From the White River, or lower Oligocene, many well-preserved rhinoceroses, including complete skeletons, have been gathered in the various collections and display very interesting differences in the three substages of the White River beds. In the uppermost substage is found the apparent beginning of the †dicerathere phylum, though it may be traced back to the middle substage; the nasal bones had become much thickened so as to serve as a support for the horns, and these are indicated by a small, but very rough, area on the outer side of each nasal. Comparing this White River species with those of the upper Oligocene and lower Miocene, two differences may be observed: in the later species the horn-supports were well defined bony knobs or prominences, and these knobs were close to the anterior ends of the nasals; while in the White River animal the places for the attachment of the horns were mere roughened areas, and these were well behind the tips of the nasals. This is not an infrequent sort of change, that horns should shift their position forward or that the portion of the nasals in front of the horns should be shortened. Parallel changes occurred among the †titanotheres.
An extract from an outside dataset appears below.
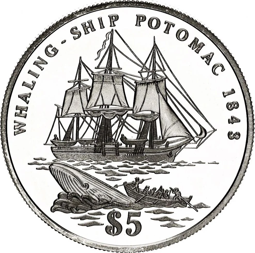 Whalers in a rowboat harpooning a whale, with the ship "Potomac" behind.

In the middle White River all the rhinoceroses were hornless, but the same two phyla may be distinguished; the actual starting point of the †diceratheres had no indication of the nasal horns, but may be identified as such by their close resemblance in other respects to the species of the upper substage in which the incipient horns appeared. Much commoner were the members of the typical hornless line (see [Fig. 135, p. 256]), which, though true and unmistakable rhinoceroses, were yet far removed in many details of structure from the progressive genera of the middle and upper Miocene. There are several species in this phylum, which constitute a series of diminishing size almost in proportion to their increasing antiquity. The dentition was already thoroughly and characteristically rhinoceros-like, but a more primitive feature was the presence of a second upper incisor, a small tooth placed behind the trenchant one, making the incisor formula 2/2; the third incisor and the canines of both jaws were already lost. The assumption of the molar-pattern by the premolars varied much in degree of completeness in the different species; the upper molars, while having all the essentials of the rhinocerotic plan of structure, had a much less complex appearance than in the Recent genera, because of the absence of the accessory spurs; and all the grinding teeth were very low-crowned, in strong contrast to the high-crowned (yet not properly hypsodont) teeth of the middle Miocene and subsequent genera.